The sad thing is that the reason for the drugs, especially ptosin(sp?) to speed labor, is purely monetary. It is not cost effective for the hospital to have you in the delivery room for 24 hours grunting and moaning. It is much better for the hospital if you can squeaze the little rugrat out in eight hours. Then they can use that room three times in one day which triples the monetary intake of that square footage.

You can no longer videotape or photograph the delivery process. This is purely for liability reasons; one less bit of evidence that can be used against the hospital. Now, if something goes wrong, it is the word of trained medical personel versus a woman who in in pain and not all there and a very distracted father. It is an effective way to stack the deck against the parents in case of a lawsuit.

Most of the women go along with all of this. I believe that because my wife works in the hospital she feel compelled to do so to a large extent. As things stand now, it will be me alone with her. No doula, or childbirth coach to help. No advocate, because the message is clear: a doula is "welcome" in the room, but nobody does it.

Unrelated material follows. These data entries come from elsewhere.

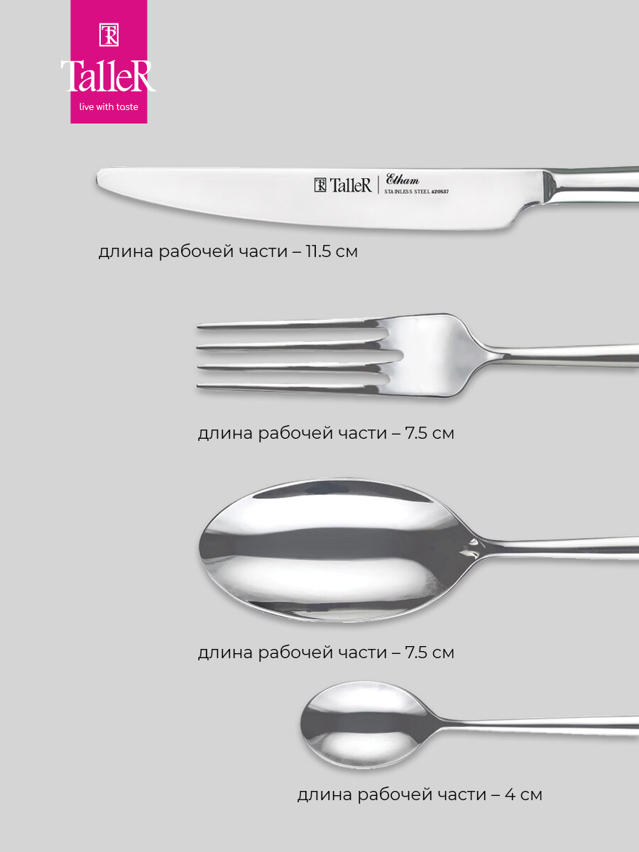 СохранитьTaller Набор столовых приборов Elham, 24 предмета серебристая сталь 6 24 шт. интересное: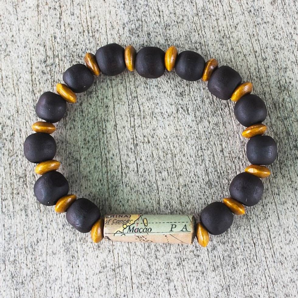 Unisex Sese Wood Bracelet with Recycled World Map Bead '180 Days' Item ID: 2671806572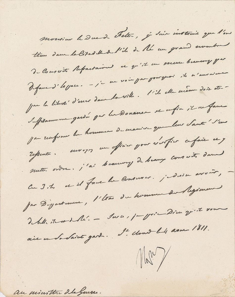 LS in French, signed “Napol,” one page, 7.25 x 9, August 4, 1811. Letter to the Duke de Feltre, the minister of war. In part (translated): "I’ve been informed that a large number of my refractory draftees are being held in the Citadel of the Island of Re and that many of them are dying because of cramped quarters. I can’t see why they shouldn’t have the freedom of walking about at will in the city. The island is probably sufficiently guarded by customs officials and the men should not be confined in such a manner as to affect their health. Send an officer to check on conditions and create good order. I have many fine draftees on those 3 islands and they have to be looked after. I want to know, by Departments, the condition of the men of the Belle-Isle and Island of Re regiments.” In fine condition. Interesting military content from the height of his empire in the year prior to his invasion of Russia.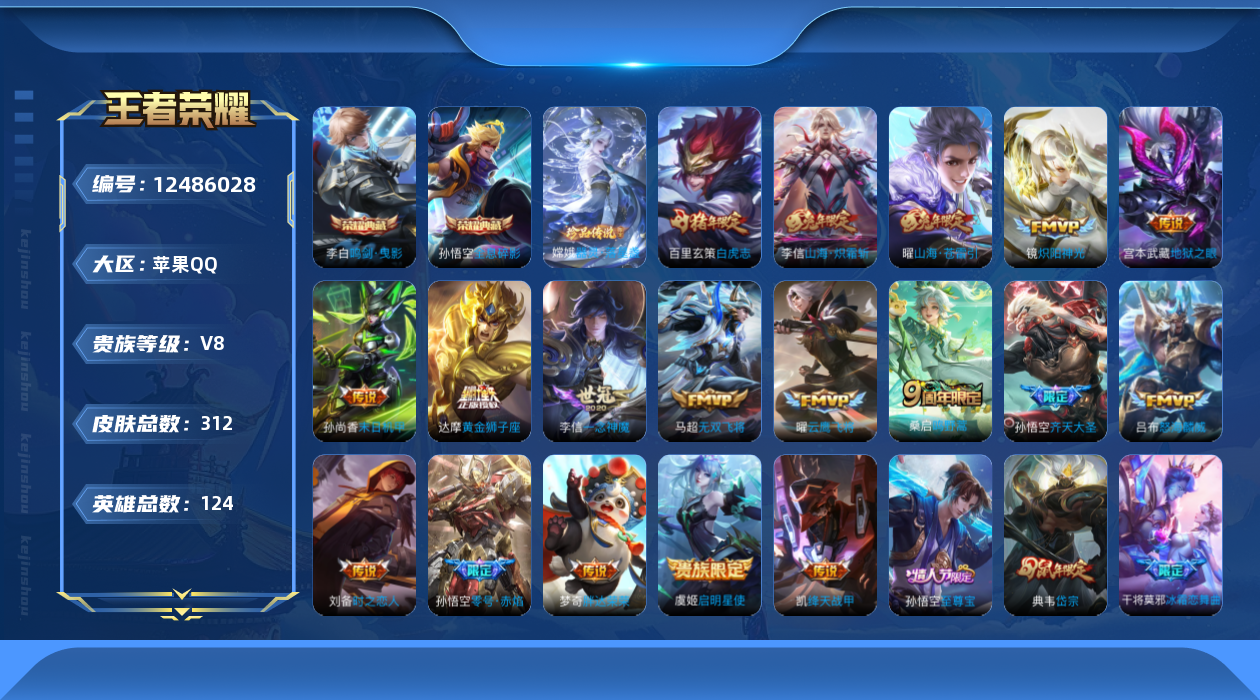 [12486028]【商品标题】:苹果Q-V7-至尊星耀V段位-124英雄-312皮肤-2典藏-0珍品无双-0无双-1珍品传说-18传说-94史诗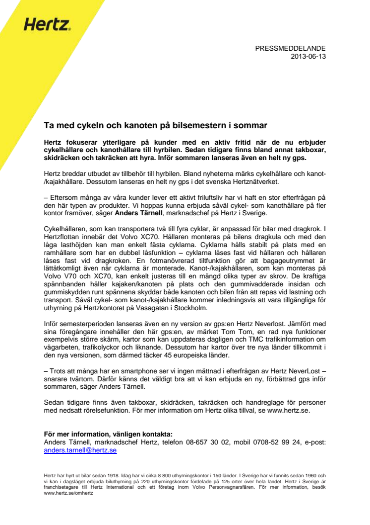 Hertz fokuserar ytterligare på kunder med en aktiv fritid när de nu erbjuder cykelhållare och kanothållare till hyrbilen. Sedan tidigare finns bland annat takboxar, skidräcken och takräcken att hyra. Inför sommaren lanseras även en helt ny gps.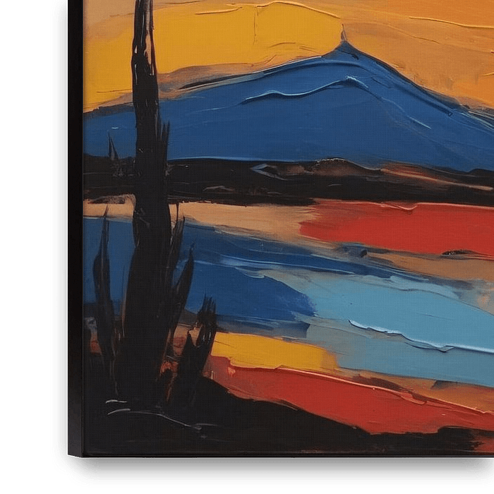 Tauchen Sie ein in die hypnotisierende Schönheit dieser impressionistischen Interpretation der letzten Lichtstrahlen des Tages. Die Leinwand erwacht durch die lebendigen Pinselstriche, die die untergehende Sonne und das sich spiegelnde Wasser einfangen, zum Leben und schafft eine Oase der Farbe, die den Raum mit ihren orangefarbenen,…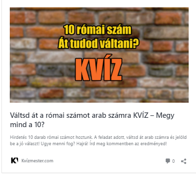 A Kvízmester.comon megjelent a Váltsd át a római számot arab számra KVÍZ – Megy mind a 10?.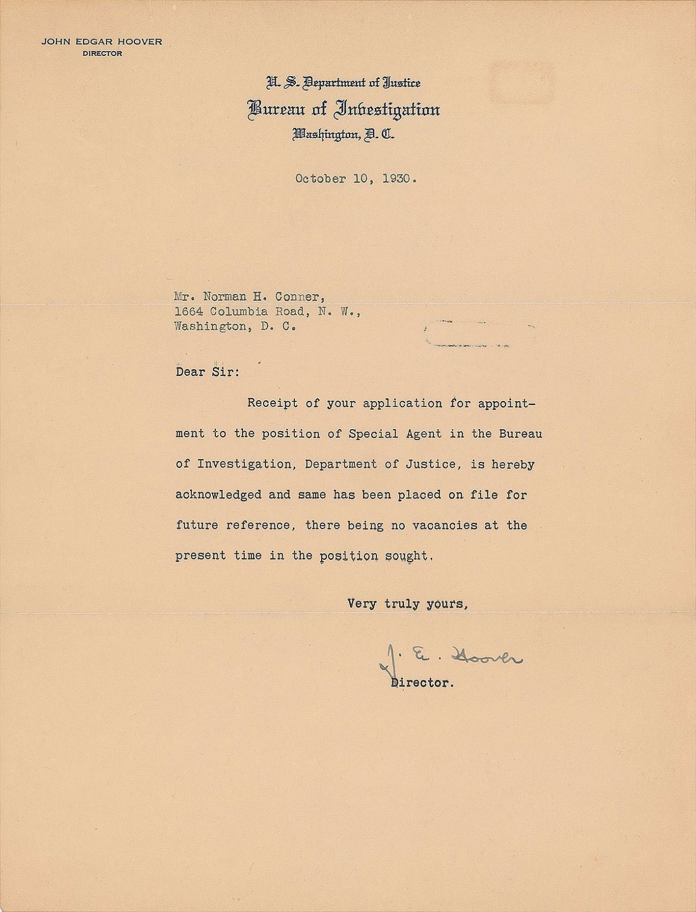 TLS signed “J. E. Hoover,” one page, 8 x 10.5, US Department of Justice, Bureau of Investigation letterhead, October 10, 1930. Letter to Norman H. Conner, in full: "Receipt of your application for appointment to the position of Special Agent in the Bureau of Investigation, Department of Justice, is hereby acknowledged and same has been placed on file for future reference, there being no vacancies at the present time in the position sought." Includes a TLS from Inspector J. M. Keith, dated October 14, 1930, relating to the completion of Conner's application. In fine condition. Also accompanied by the original mailing envelope, and a blank Department of Justice application for appointment. A sought-after pre-FBI letter from the Bureau of Investigation director.

That frightens me because I think it would be helpful to have someone in our corner, working for us.

I don't think any medical person would ever work to harm my wife. But I do believe that when things go wrong, there is a strong instinct to cover your ass. I want one person there who is not emotionally tied to the event who can speak for us, and we will not have that.

The mother must give birth in the bed, which makes great sense for the medical team and completely ignores four hundred millenia of women giving birth squatting, where gravity acts as a natural aid to childbirth. The mother must also have an IV, because we all know that throughout history every single woman who tried to give birth to a child without and IV died in childbirth. Okay, that is pure hyperbole, but I think you see where I am coming from. I am feeling very railroaded into a process that I am not very comfortable with without much say at all.

On the other hand, Laura is comfortable with it. She is a nurse, she knows hospitals. She'll know the nurses and doctors. So maybe I should just have a nice cup of Shut The Fuck Up because when it comes to childbirth, my opinion, and rightly so, counts for zero.